BEGIN Dataset entries

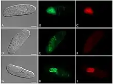 P. caryophila are parasitic inside the nucleus of P. biaurelia. As with other species of Holospora, they rely on the protist for amino acids, energy metabolic pathways including glycolysis and the citric acid cycle, as well as for nucleotides.[14] In contrast, Bealeia paramacronuclearis and Fokinia cryptica are cytoplasmic parasites. Bealeia paramacronuclearis are spherical or oval shaped measuring about 1.8 to 2.4 μm long and 0.4 to 0.5 μm broad. Inside the protist, they are arranged in clusters of about 7 to 8 cells in parallel lines. They mostly lie close to the macronucleus (the reason for the species name) and sometimes appear attached to the nuclear envelope. Fokinia cryptica are smaller with the diameter 0.35 to 0.40 μm. They are more randomly distributed in the cytoplasm.[4]
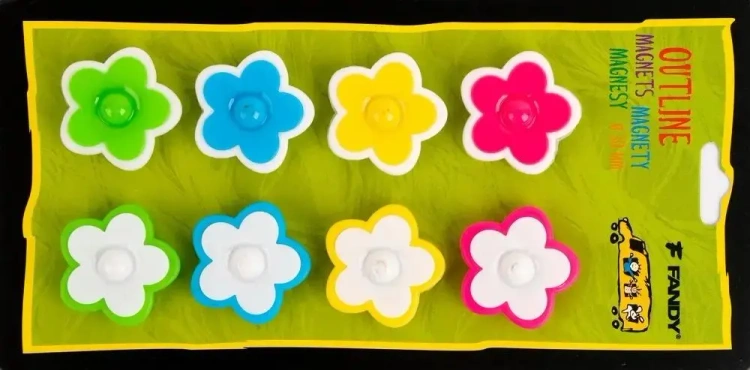 8 różnokolorowych magnesów, które rozjaśnią każdą tablicę, średnica magnesu 3 cm
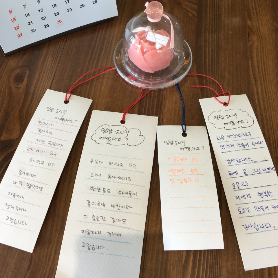 안에 후기를 적어달라고 했더니 감사하다고, 맛있는 한 끼였다고, 어떤 누나는 동생들이 다 좋아하는 반찬이어서 너무 감사했다는 말에
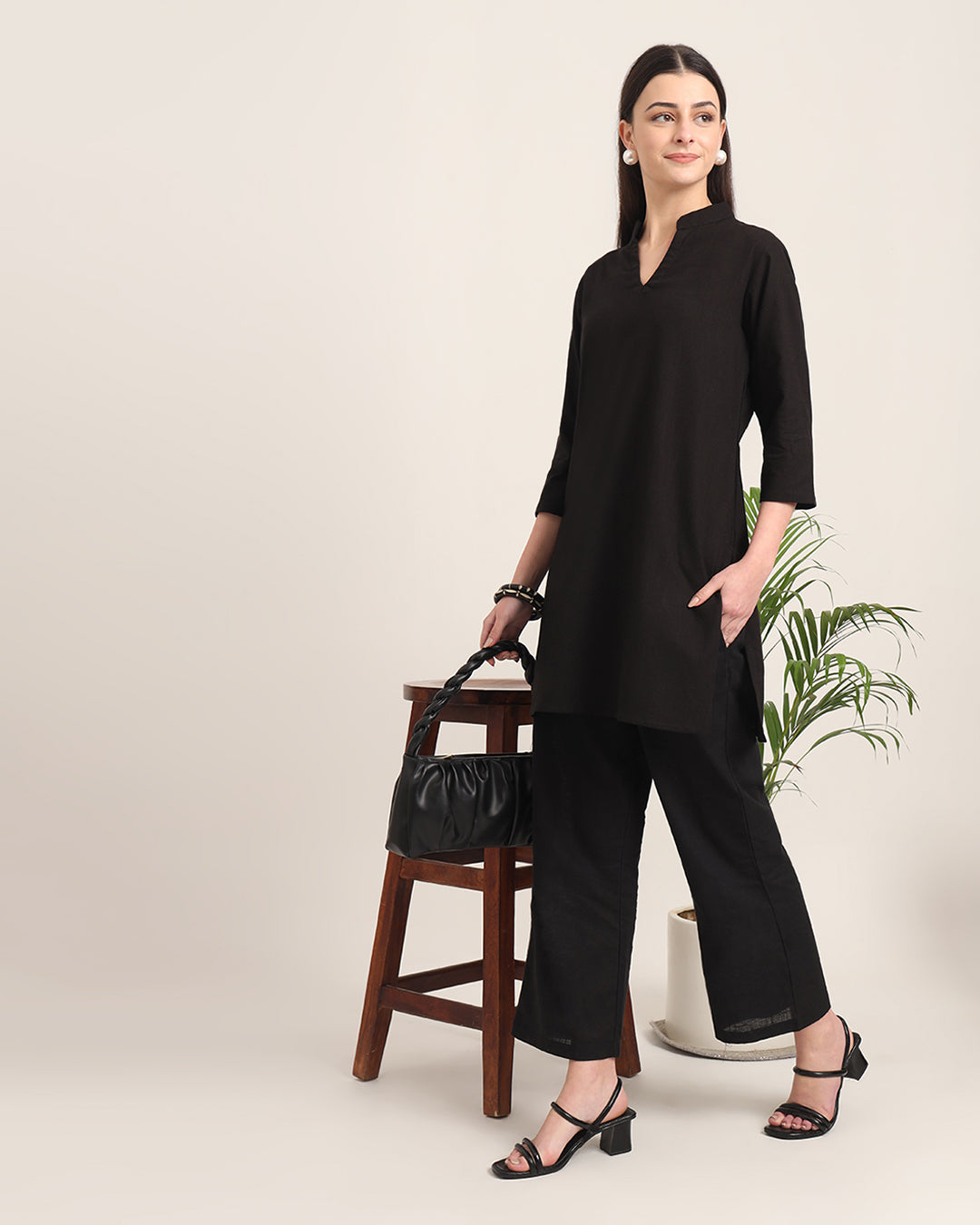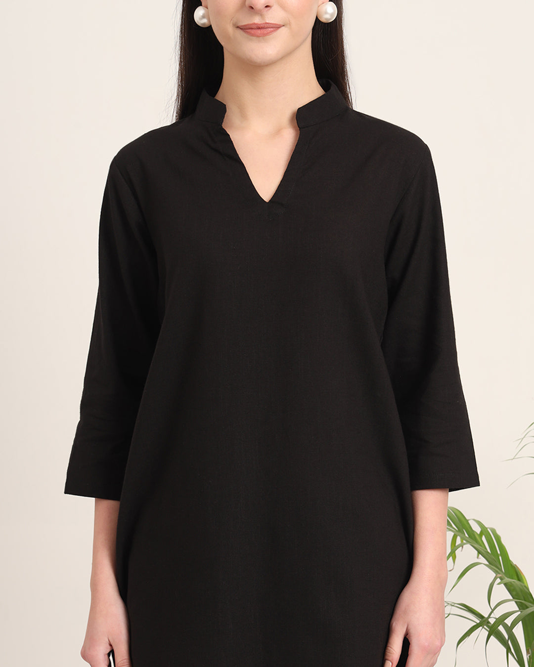 Black Collar Neck Mid Length Solid Kurta (Without Bottoms)
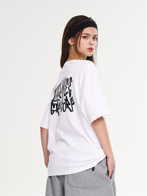 [레이지비] 시그니처 그래피티 오버핏 반팔 기능성 짐웨어 헬스 러닝 운동복 반팔 W 화이트
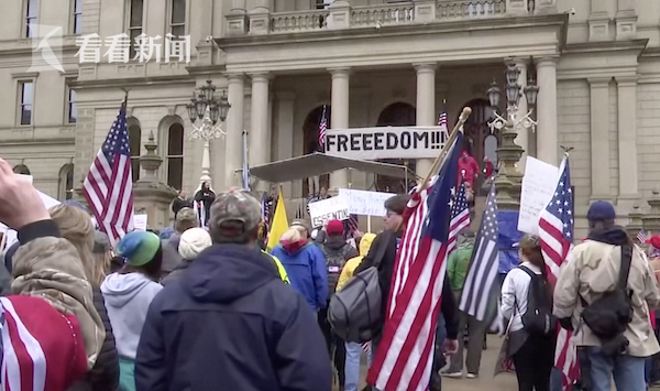 报道称,这一名为“美国爱国者集会”的示威活动是由一个自称“密歇根州自由联盟”的团体组织的。4月15日,密歇根州也曾有数千人举行示威,抗议惠特默延长居家限制令。目前她已将该州的居家限制延长到至少5月15日,但同时也放宽了一些限制,让一些企业可以重新开业,让公众可以参加更多的户外活动。
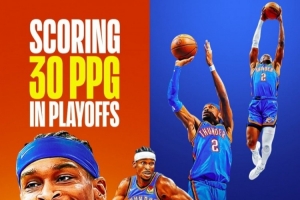 亚历山大今年季后赛场均29.8分5.7篮板6.9助攻1.6抢断,三分命中率30%

END Dataset entries

== Task directions ==
Give back the entries verbatim. Do not include any picture.

== Written answer ==
 P. caryophila are parasitic inside the nucleus of P. biaurelia. As with other species of Holospora, they rely on the protist for amino acids, energy metabolic pathways including glycolysis and the citric acid cycle, as well as for nucleotides.[14] In contrast, Bealeia paramacronuclearis and Fokinia cryptica are cytoplasmic parasites. Bealeia paramacronuclearis are spherical or oval shaped measuring about 1.8 to 2.4 μm long and 0.4 to 0.5 μm broad. Inside the protist, they are arranged in clusters of about 7 to 8 cells in parallel lines. They mostly lie close to the macronucleus (the reason for the species name) and sometimes appear attached to the nuclear envelope. Fokinia cryptica are smaller with the diameter 0.35 to 0.40 μm. They are more randomly distributed in the cytoplasm.[4]
 8 różnokolorowych magnesów, które rozjaśnią każdą tablicę, średnica magnesu 3 cm
 안에 후기를 적어달라고 했더니 감사하다고, 맛있는 한 끼였다고, 어떤 누나는 동생들이 다 좋아하는 반찬이어서 너무 감사했다는 말에
 Black Collar Neck Mid Length Solid Kurta (Without Bottoms)
 [레이지비] 시그니처 그래피티 오버핏 반팔 기능성 짐웨어 헬스 러닝 운동복 반팔 W 화이트
 报道称,这一名为“美国爱国者集会”的示威活动是由一个自称“密歇根州自由联盟”的团体组织的。4月15日,密歇根州也曾有数千人举行示威,抗议惠特默延长居家限制令。目前她已将该州的居家限制延长到至少5月15日,但同时也放宽了一些限制,让一些企业可以重新开业,让公众可以参加更多的户外活动。
 亚历山大今年季后赛场均29.8分5.7篮板6.9助攻1.6抢断,三分命中率30%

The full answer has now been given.